Hope is the first step on the road to disappointment.
malloc will return an uninitialized chunk of memory for you to use.
calloc ( clear alloc ) will attempt to initialize that chunk of memory to all bits zero.
Note that when I say attempt, I mean that this may not be possible so you shouldn't rely on it. Other than that the only difference is how they are called and how they are implemented. So in the end, which one you choose to use is a matter of preference.
-Prelude
My best code is written with the delete key.
The final difference is calloc is almost never used. Even when you do need to zero out the structure most programmers will use memset or a macro that hides memset.
Does calloc zero-value value all its arguments , or does it clear all bytes to zero , for example it might not be neccessary that a double with all its sizeof(double) bytes zero represents the double value 0 (though it is true in all most all implementations) , for any integral type it should set all values to 0 .Originally posted by quzah
The first letter. The number of arugments each takes. Also, calloc zero-values all elements it allocates.
Quzah.
Not sure I understand what you're asking here.....Originally posted by pinko_liberal
Does calloc zero-value value all its arguments , or does it clear all bytes to zero , for example it might not be neccessary that a double with all its sizeof(double) bytes zero represents the double value 0 (though it is true in all most all implementations) , for any integral type it should set all values to 0 .
calloc() and malloc() don't know what type of variable is going to be stored in the memory they are getting.

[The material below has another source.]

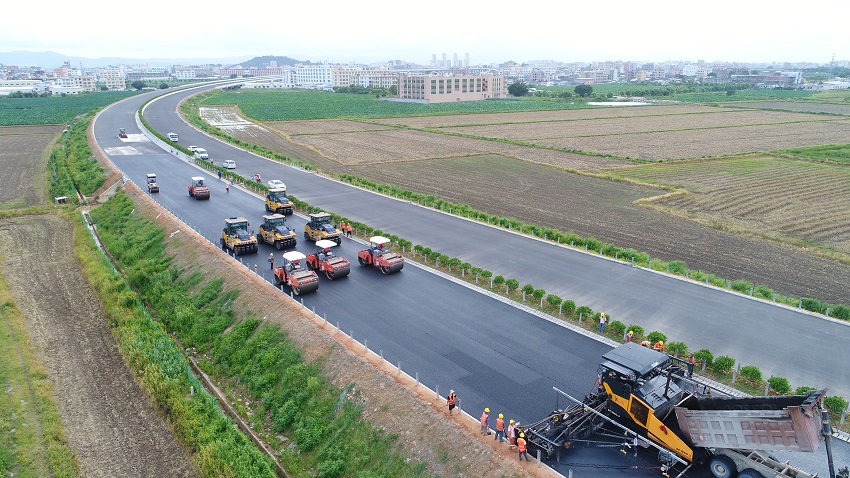 7月8日,汕揭項目第二作業面K27+750-K28+050段瀝青路面上面層試驗段鋪設順利完成。

They only know how much to allocate (in bytes).
When all else fails, read the instructions.
If you're posting code, use code tags: [code] /* insert code here */ [/code]
What I meant was that all bits zero might not lead to a double with value 0 ,Originally posted by Hammer
Not sure I understand what you're asking here.....

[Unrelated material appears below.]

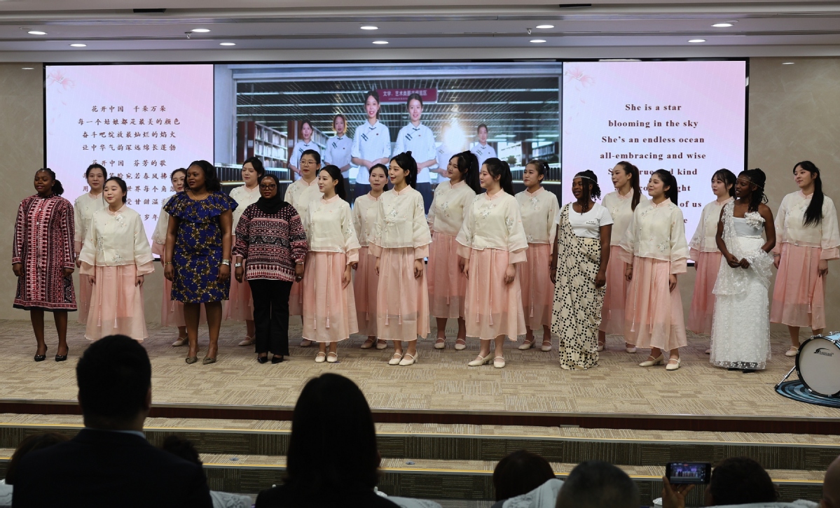 中华女子学院中外学生演唱主题歌曲《花开中国》。中国日报记者 王壮飞 摄

calloc() and malloc() don't know what type of variable is going to be stored in the memory they are getting. They only know how much to allocate (in bytes).
i.e,
double *d;
d=calloc(1, sizeof(double)) ;
then it might not be necessary that
( *d == 0.) is true
thought it will be true in almost all cases .

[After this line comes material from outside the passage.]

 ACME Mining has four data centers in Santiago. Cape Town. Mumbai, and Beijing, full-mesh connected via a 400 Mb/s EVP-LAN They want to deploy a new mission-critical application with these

Last edited by pinko_liberal; 07-07-2002 at 10:01 PM.
I meant it almost all implementations .Originally posted by pinko_liberal
What I meant was that all bits zero might not lead to a double with value 0 ,
i.e,
double *d;
d=calloc(1, sizeof(double)) ;
then it might not be necessary that
( *d==0.) is true
thought it will be true in almost all cases .
Last edited by pinko_liberal; 07-07-2002 at 10:03 PM.
Calloc clears the memory to all bits zero. You apparently understand why calloc is rarely used and not considered portable. All bits zero doesn't necessarily mean zero values so calloc is a subtle but dangerous trap to fall into. Not many people will make this distinction and happily write broken code thinking that calloc always clears the values to zero accordingly.Does calloc zero-value value all its arguments , or does it clear all bytes to zero , for example it might not be neccessary that a double with all its sizeof(double) bytes zero represents the double value 0 (though it is true in all most all implementations) , for any integral type it should set all values to 0 .
-Prelude
My best code is written with the delete key.
How can all bits being set to 0 not give you a zero as the value? I mean if we convert the binary number with all 0's at every bit to decimal, then you will get a 0 for the decimal equivalent. Can someone explain how you can get something other than 0 when all bits are set to 0?
>i'm a bit confused on that too
Don't get confused about integers and chars, all bits zero is a zero value, but pointers and floating-point types are not guaranteed by the standard to be so because it would cause unnecessary constraints on machines that use non-zero bit patterns for such values.
I highly recommend taking advantage of Steve Summit's extensive knowledge.
http://www.eskimo.com/~scs/C-faq/q7.31.html
http://www.eskimo.com/~scs/C-faq/q5.16.html
-Prelude
My best code is written with the delete key.